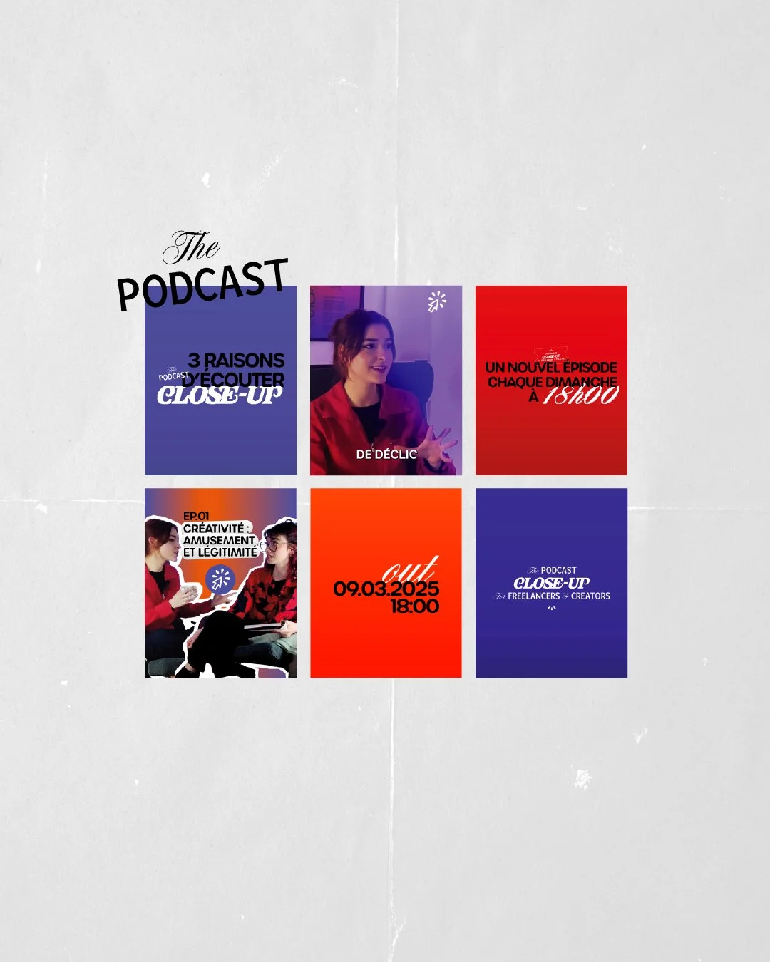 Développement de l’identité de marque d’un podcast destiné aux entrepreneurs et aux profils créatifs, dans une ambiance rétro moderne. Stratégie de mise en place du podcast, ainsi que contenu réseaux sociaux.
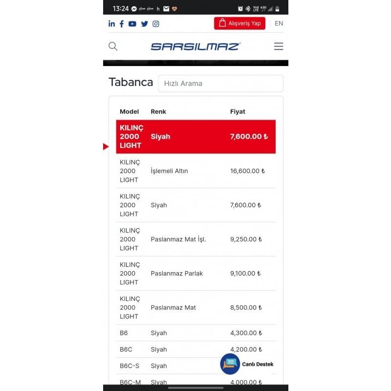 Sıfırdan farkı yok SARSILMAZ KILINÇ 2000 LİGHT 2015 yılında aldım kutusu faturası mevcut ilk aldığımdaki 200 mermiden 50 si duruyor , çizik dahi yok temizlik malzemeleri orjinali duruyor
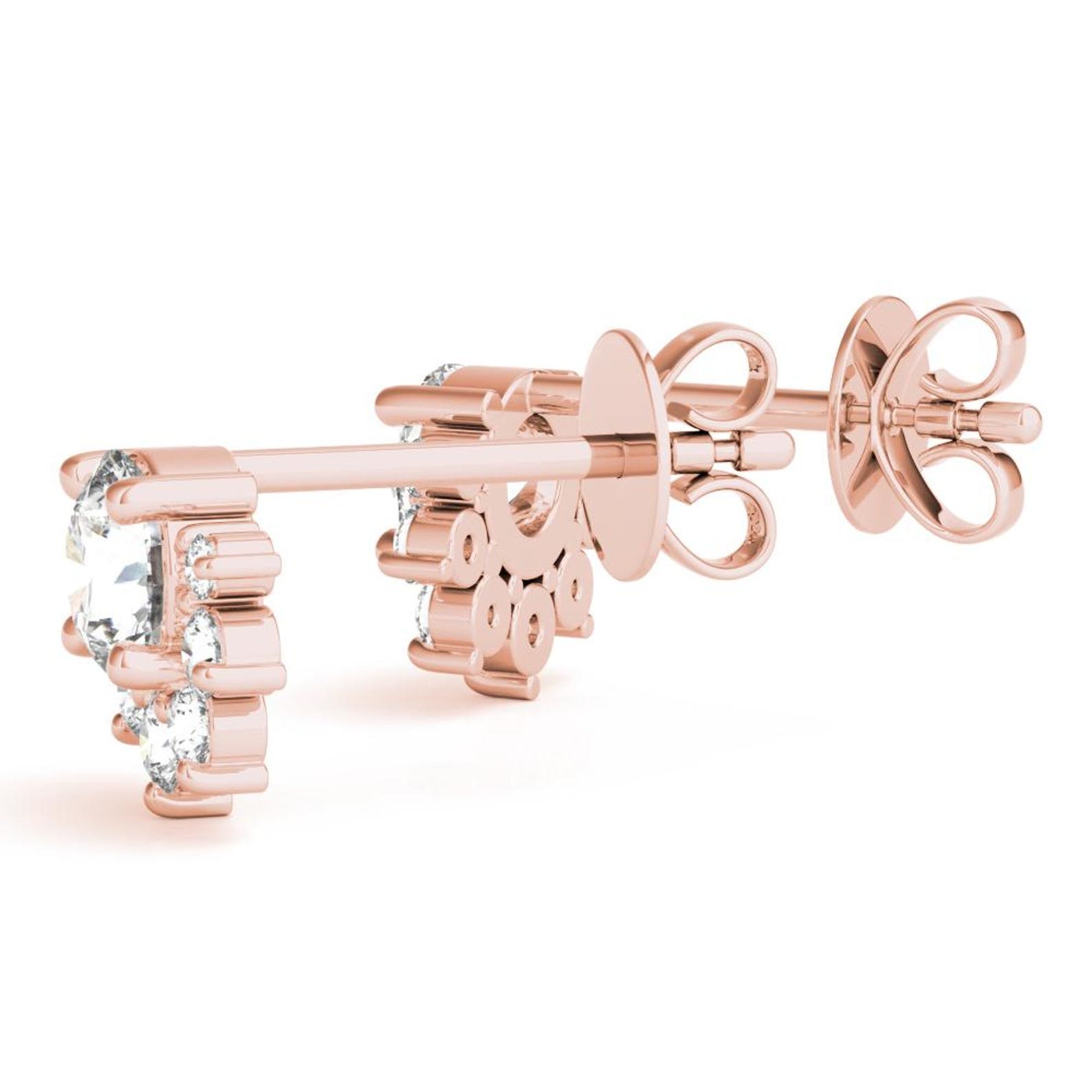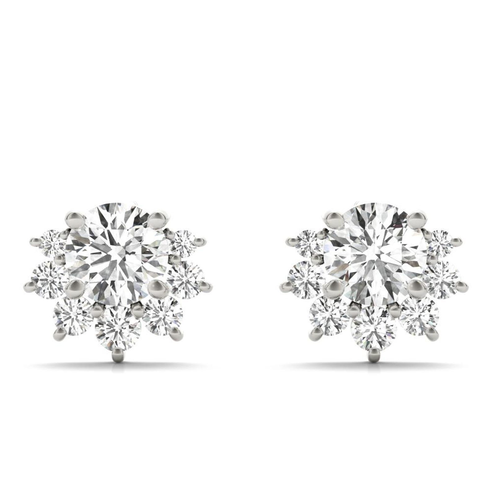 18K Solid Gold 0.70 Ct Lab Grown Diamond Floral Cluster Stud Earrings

:: TASK DETAILS ::
Given the listing above, return exactly, and only, the lines from the line with "Sıfırdan farkı yok" through its final line, both included, with the pictures removed.

:: RESULT FOR THIS TASK ::
 Sıfırdan farkı yok SARSILMAZ KILINÇ 2000 LİGHT 2015 yılında aldım kutusu faturası mevcut ilk aldığımdaki 200 mermiden 50 si duruyor , çizik dahi yok temizlik malzemeleri orjinali duruyor
 18K Solid Gold 0.70 Ct Lab Grown Diamond Floral Cluster Stud Earrings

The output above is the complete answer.